An earlier version of this story included a chart for Alcoa instead of Apple. We apologize for the error.
NEW YORK (TheStreet) -- Apple's (AAPL) stock traded slightly lower on Monday as it settles in near its June lows. The stock has been drifting lower since the May 22 high and is now right back in the middle of its 16-week range. Minus a volume jolt, Apple will likely remain inside this consolidation pattern in the near term.
Apple has been treading water inside a narrowing range since the powerful January surge ran out of steam in late February. The stock gained over 25% during this bull run, a move that pushed it well into overbought territory. In early March, a healthy consolidation began.
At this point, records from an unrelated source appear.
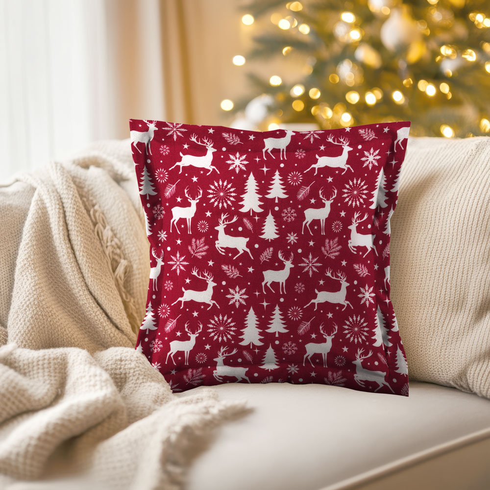 Dekorační povlak na polštář s ozdobným lemem, vyrobený z hebké a příjemné sametové látky Tamara s digitálním tiskem, s vánočním vzorem bílých jelenů a stromků na červeném podkladu. Povlak je ušit ze sametové látky Tamara ze 100% polyesteru, o gramáži 220 g/m2.
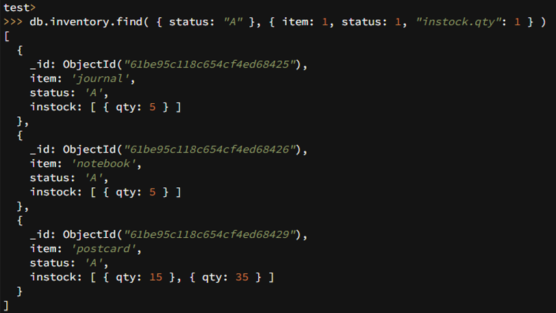 db.inventory.find( { status: "A" }, { item: 1, status: 1, "instock.qty": 1 } )
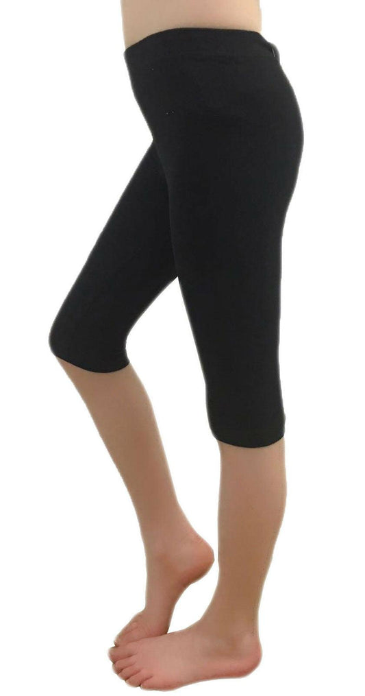 Childrens Girls 3/4 Length Cotton Plain Legging Dancewear Skinny Stretch Pants
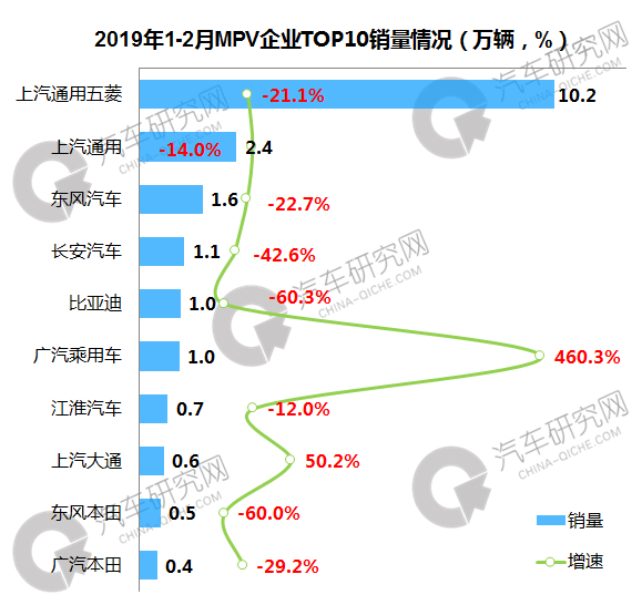 1-2月MPV企业中,上汽通用五菱位居第一,累计销量超10万辆,同降幅21.1%,上汽通用累计销售2.4万辆,同比下降14%;前十企业中广汽乘用车增幅最大,近500%。
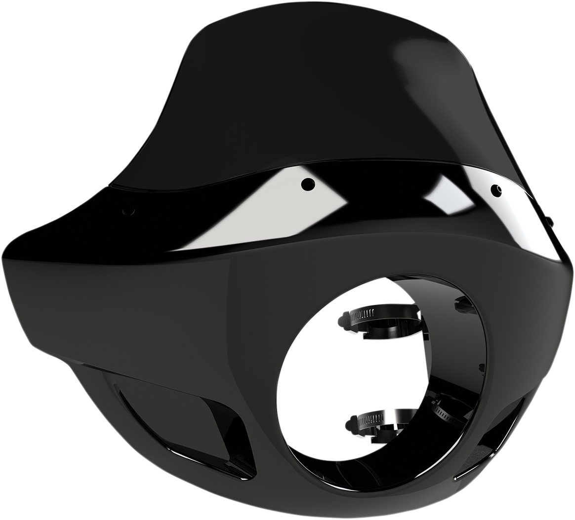Embody the aggressive cruiser style; the sweeping lines flow nicely with the motorcycle and look great with a variety of handlebar setupsFlanking the headlight bucket are two styling pockets with great potential for further customization with lightingMade of high-quality, molded ABS and paired with an opaque impact-resistant acrylic windscreen for strength and durabilityIncludes universal mounting kit consisting of black powder-coated, heavy-duty steel bracketsFits 35mm-49mm forks and most 5.75" headlights
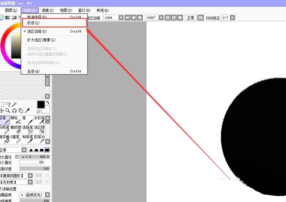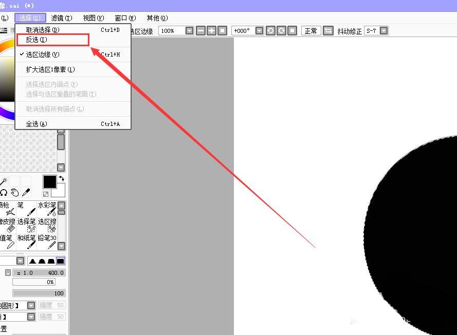 7、在菜单栏上,点击“选择”——“反选”;
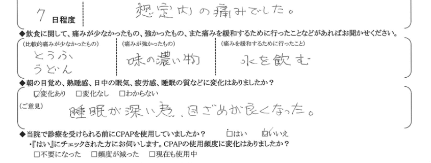 (痛みの程度について) 想定内の痛みでした。
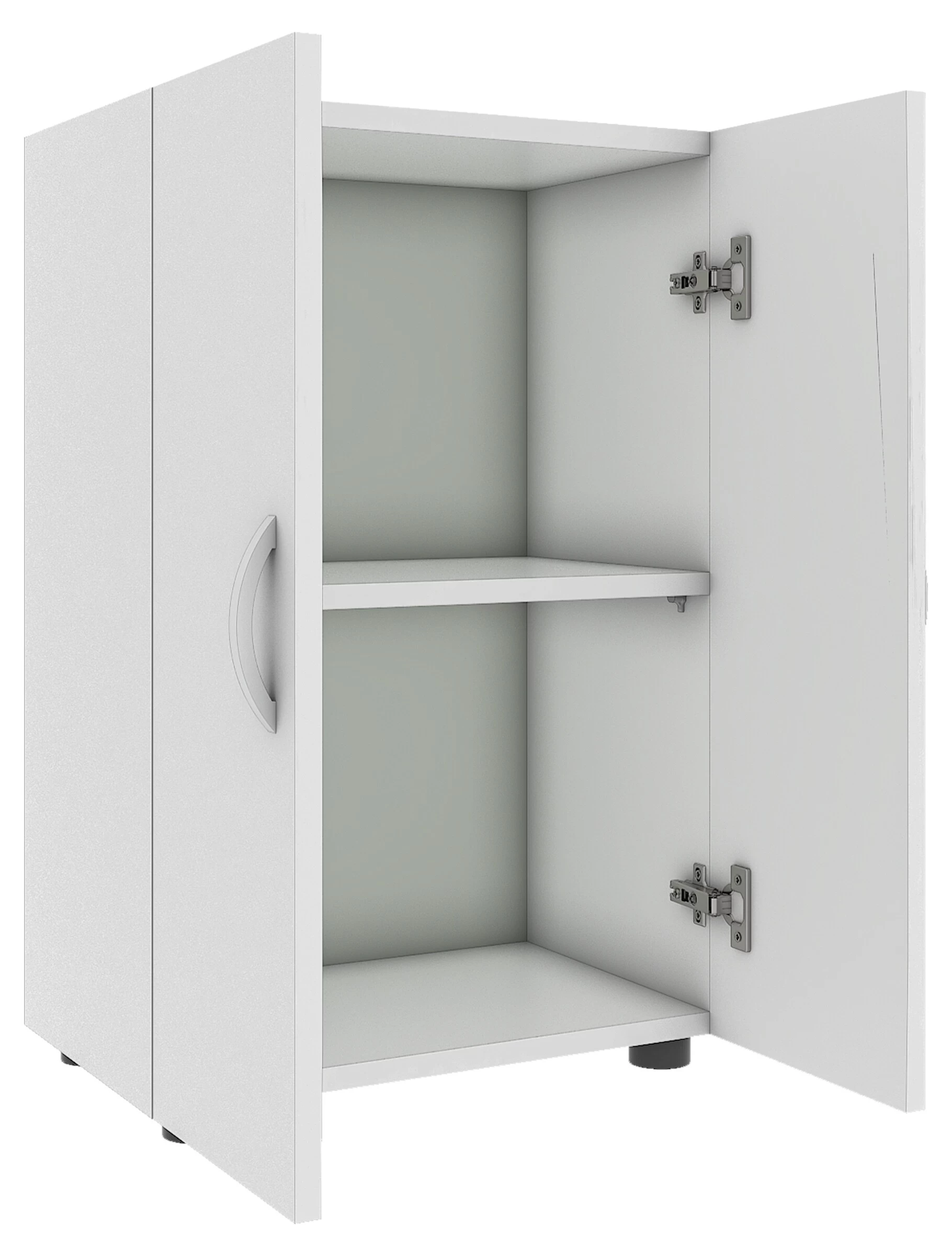 – Ein variabler Fachboden hinter zwei Drehtüren
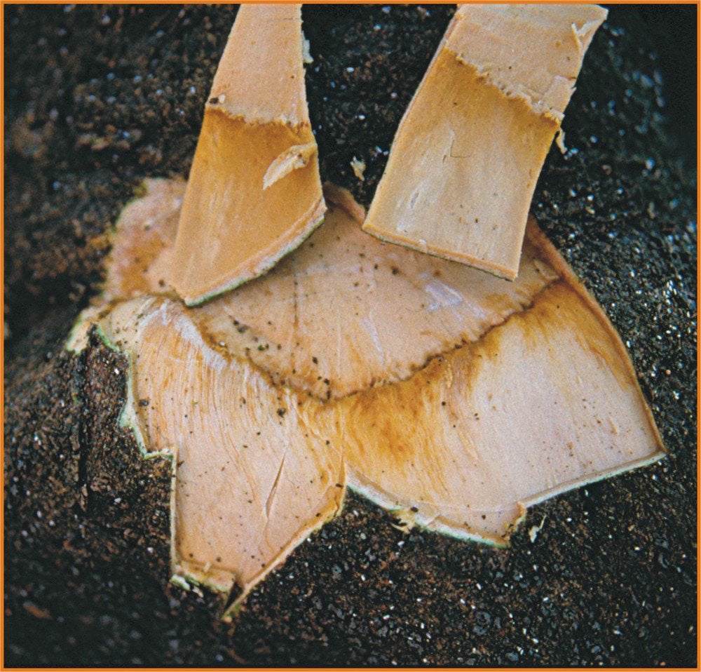 Bud union crease symptoms of a declining Roble sweet orange on citrumelo tree infected with CLBV: wood crack at the bud union line and crests in the inner bark corresponding with the wood crack. (Florida) – P. Moreno
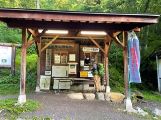 駐車場にはトイレ・水場有り(トイレ横)。駐車場から20分程で三股登山補導所に着き計画書を提出した。高齢者で女性ソロでの入山なので、計画書提出時に色々と安全指導があった。
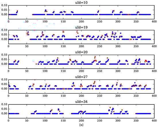 Additional insight is given by the analysis of the learners’ error rates throughout the test segment, presented in Figure 7. Again, these results represent the underlying design of the machine emotion model, which only rewards learner’s performance. As shown in Figure 7, the average number of errors (through time) is higher for the intervals with no reinforcement (defined by the neutral emoticon (red dot)), compared to the instances when reinforcement is active (positive emoticon (blue dot)). However, note that the occasional short time intervals of good performance are also represented by the neutral emoticon (red dot), due to the delay in the positive reinforcement (see Section 3.3.1). Missing values are due to the self-report (at 30 s) or the default interruption in the tutoring session (see Section 4), or when the typing was paused by the learner.
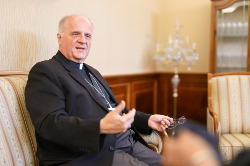 – Június elején két okból mentünk Rómába. Részben a szokásos, három évenkénti találkozónkra – ez egy nagyköveti találkozó, olyan, mint a Magyarországot képviselő nagyköveteké volt, amelyen Gallagher érsek is beszédet mondott (2025. március végén, Budapesten – a szerk.). A nunciusoknak is van ilyen konferenciájuk. Ez egy munkamegbeszélés, amely lehetőséget ad, hogy áttekintsük a nunciatúrákat érintő kérdéseket, a Rómával való kapcsolatunkat és egyéb témákat.
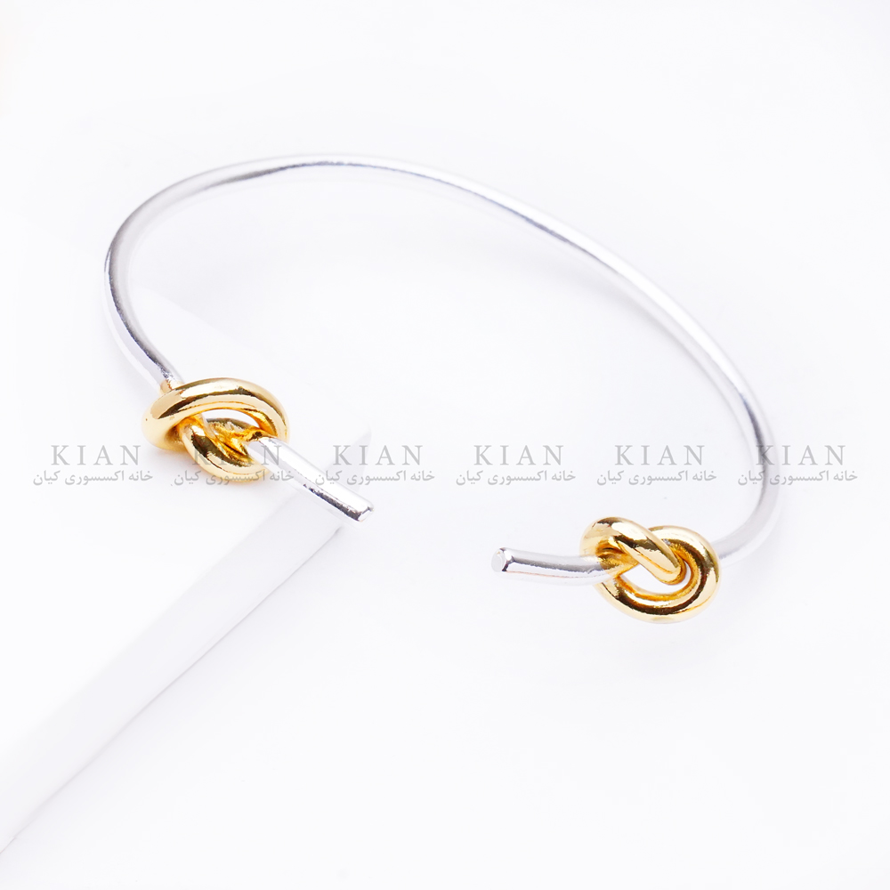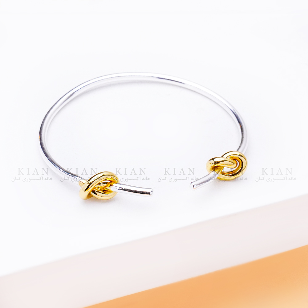 این دستبند با فرم باز و ساده‌ی بنگل ساخته شده و بدنه‌ی آن از فلز سیلور براق تشکیل شده است. دو گره طلایی در دو سر دستبند، نقطه‌ی اصلی زیبایی این مدل هستند؛ گره‌هایی کوچک اما چشمگیر که نماد پیوند، عشق و استحکام نیز به شمار می‌روند. همین تضاد رنگی سیلور و طلایی، دستبند را به گزینه‌ای بسیار خاص و قابل ست شدن با انواع زیورآلات تبدیل کرده است.
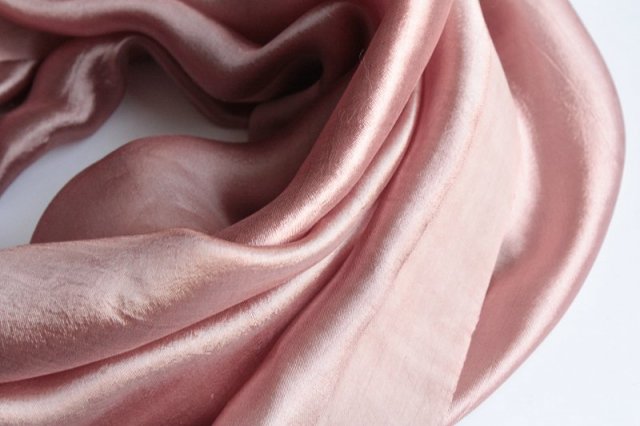 Duży, elegancki szal w stonowanym odcieniu pudrowego różu, o delikatnym połysku.

The initial pullback retraced a third of the early 2015 rally as it marked the March low at $121.65. Apple has remained above this level, putting in three straight higher monthly lows in the process. On the upside, the stock challenged the initial 2015 peak at $133.60 in late April, but lacked the momentum to power past. While remaining inside this congestion, Apple has completely worked off its overbought reading. Once this range is broken, there is strong potential for a big move.
With the bulls still in control, an upside resolution is the more likely outcome. If Apple can close above last month's high of $133, it will be set up well for a run past the 2015 peak. On the downside, last week's low of $125.60 is a level to watch. A drop below this nearby support could lead to a retest of a major support zone between $121.50 and $119.50. This key area includes the post-January-rally low on March 12 at the upper band and the 2014/January 2015 highs near the lower band.
For patient bulls, a dip down to this area prior to Apple's next earnings report on July 22 may prove to be a buying opportunity.